<<<<
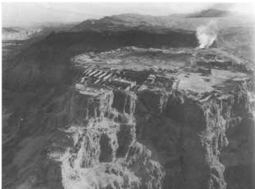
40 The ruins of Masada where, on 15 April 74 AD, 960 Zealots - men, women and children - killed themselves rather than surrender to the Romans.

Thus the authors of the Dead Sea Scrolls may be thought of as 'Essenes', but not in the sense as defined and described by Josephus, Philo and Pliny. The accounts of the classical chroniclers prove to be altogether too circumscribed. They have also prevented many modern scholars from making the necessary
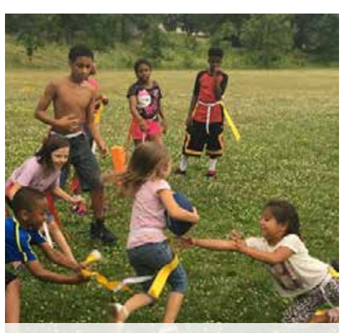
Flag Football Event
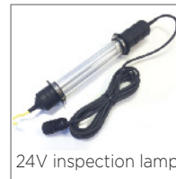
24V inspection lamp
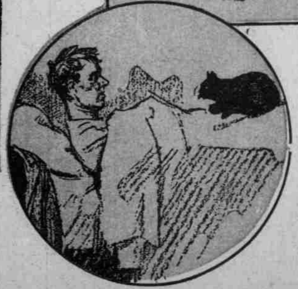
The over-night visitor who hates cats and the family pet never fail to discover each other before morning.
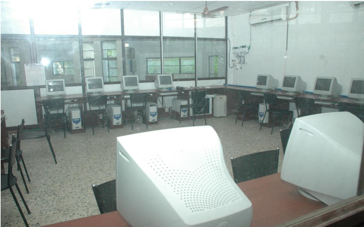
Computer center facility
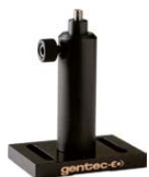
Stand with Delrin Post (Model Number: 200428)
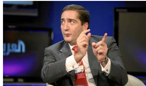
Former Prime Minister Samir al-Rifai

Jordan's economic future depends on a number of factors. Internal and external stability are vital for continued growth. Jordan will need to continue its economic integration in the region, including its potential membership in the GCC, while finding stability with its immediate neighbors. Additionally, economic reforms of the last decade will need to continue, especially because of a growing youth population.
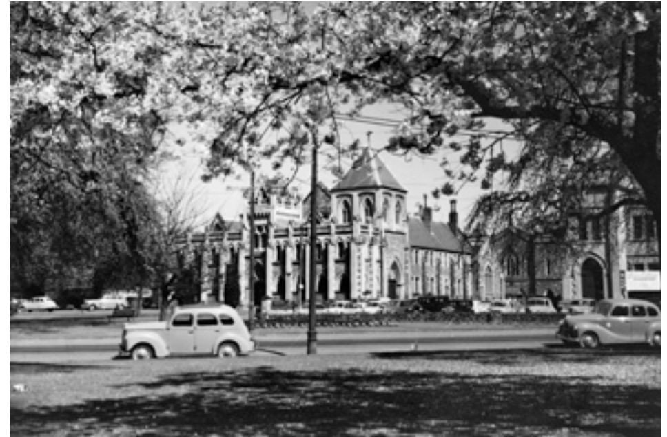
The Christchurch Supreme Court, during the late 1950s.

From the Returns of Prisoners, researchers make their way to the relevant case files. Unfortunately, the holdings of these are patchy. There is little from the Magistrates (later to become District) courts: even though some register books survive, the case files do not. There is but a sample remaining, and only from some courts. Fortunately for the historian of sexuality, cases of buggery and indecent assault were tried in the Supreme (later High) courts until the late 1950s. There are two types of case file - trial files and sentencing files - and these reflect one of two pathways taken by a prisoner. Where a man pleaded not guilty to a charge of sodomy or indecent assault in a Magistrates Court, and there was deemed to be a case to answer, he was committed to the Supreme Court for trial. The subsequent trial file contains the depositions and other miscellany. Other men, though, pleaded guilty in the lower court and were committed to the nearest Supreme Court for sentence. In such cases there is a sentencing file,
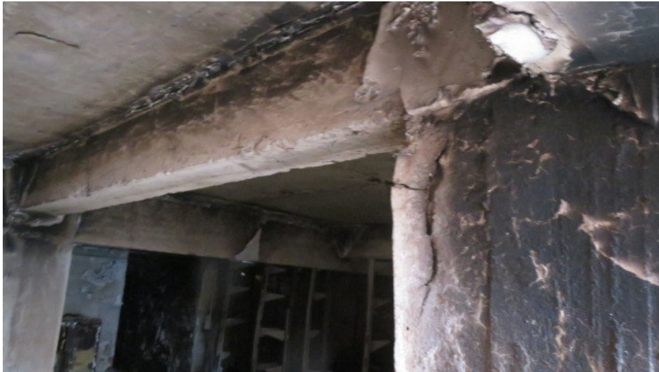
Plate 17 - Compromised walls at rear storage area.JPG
>>>>
| Exercise details |
Repeat only the stretch of data above that runs from the line with "Stand with Delrin Post (Model Number: 200428)" to the line with "Former Prime Minister Samir al-Rifai". Keep both end lines; exclude pictures.

| Exercise solution |
Stand with Delrin Post (Model Number: 200428)
Former Prime Minister Samir al-Rifai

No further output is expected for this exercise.